如何通过版本控制获取S3存储桶中所有文件的大小? [英] How to get size of all files in an S3 bucket with versioning?
问题描述
我知道此命令可以提供存储桶中所有文件的大小:
I know this command can provide the size of all files in a bucket:
aws s3 ls mybucket --recursive --summarize --human-readable
但这不解释版本.
如果我运行此命令:
aws s3 ls s3://mybucket/myfile --human-readable
它将显示类似"100 MiB"的内容,但该文件可能具有10个版本,总计将更像是"1 GiB".

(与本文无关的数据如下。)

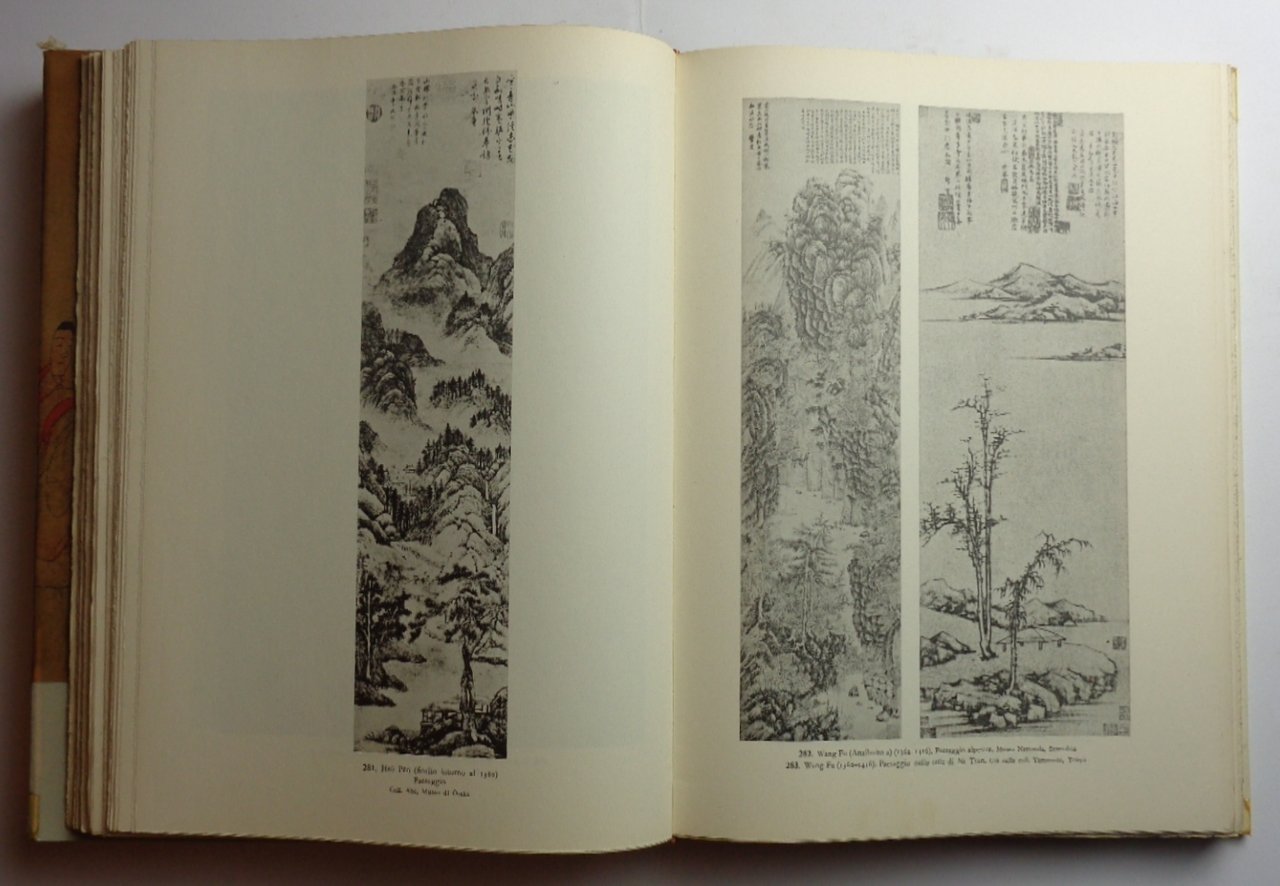 Due volumi (26x36 cm) di XII-344 pagine per il volume di testo e 592 illustrazioni per il volume di tavole. Edizione numerata di 750 esemplari (questo è in n. 220) stampata su carta a mano della cartiera Ventura. Legatura editoriale in tutta tela con sovracoperta illustrata. Strappi riparati (grossolanamente) alla sovracoperta del primo volume, peraltro ottime condizioni. L'opera di riferimento per gli studi sulla pittura cinese.

It will show something like "100 MiB" but it may have 10 versions of this file which will be more like "1 GiB" total.
最接近的是获取给定文件每个版本的大小:
The closest I have is getting the sizes of every version of a given file:
aws s3api list-object-versions --bucket mybucket --prefix "myfile" --query 'Versions[?StorageClass=`STANDARD`].Size' > /tmp/s3_myfile_version_sizes
然后取所有版本大小的总和.
Then take the sum of all version sizes.
但是我必须为存储桶中的每个文件重新运行此命令.
But I would have to rerun this command for every file in a bucket.
有更简单的方法吗?
推荐答案
您可以在整个存储桶上运行 list-object-versions
:
aws s3api list-object-versions --bucket my-bucket --query 'Versions[*].Size'
使用 jq
对其进行总结:
aws s3api list-object-versions --bucket my-bucket --query 'Versions[*].Size' | jq add
或者,如果您需要人类可读的输出:
Or, if you need a human readable output:
aws s3api list-object-versions --bucket my-bucket --query 'Versions[*].Size' | jq add | numfmt --to=iec-i --suffix=B
如果您想知道给定文件夹"的大小,并且还可以获取版本对象的数量,也可以添加前缀:
You can also add a prefix in case you want to know the size of a given "folder" and maybe get also the number of version objects:
aws s3api list-object-versions --bucket my-bucket --prefix my-folder --query 'Versions[*].Size' | jq 'length|add'
或者您可以使用 jq
过滤来编写更复杂的过滤器,例如,仅包括非当前对象:
Or you can use jq
filtering to write more complex filters, for example, including only non-current objects:
aws s3api list-object-versions --bucket my-bucket --prefix my-folder | jq '[.Versions[]|select(.IsLatest == false)|.Size] | length,add'
如果 jq
不可用,不幸的是,使用-output text
选项会导致制表符分隔的值,因此这是一种强制将其分隔开然后再行的方法总计:
If jq
is not available, using the --output text
option unfortunately results in tab-separated values, so here's a hack to force it to separate lines and then add up the total:
aws s3api list-object-versions --bucket my-bucket --query 'Versions[*].[Size,Size]' --output text | awk '{s+=$1} END {printf "%.0f", s}'
If you have a large number of objects, it might be better to use data provided by the Amazon S3 Storage Inventory:
Amazon S3库存为S3存储桶或共享前缀(即,每天或每周)提供对象及其对应的元数据的逗号分隔值(CSV)平面文件输出,其名称以公共字符串开头的对象.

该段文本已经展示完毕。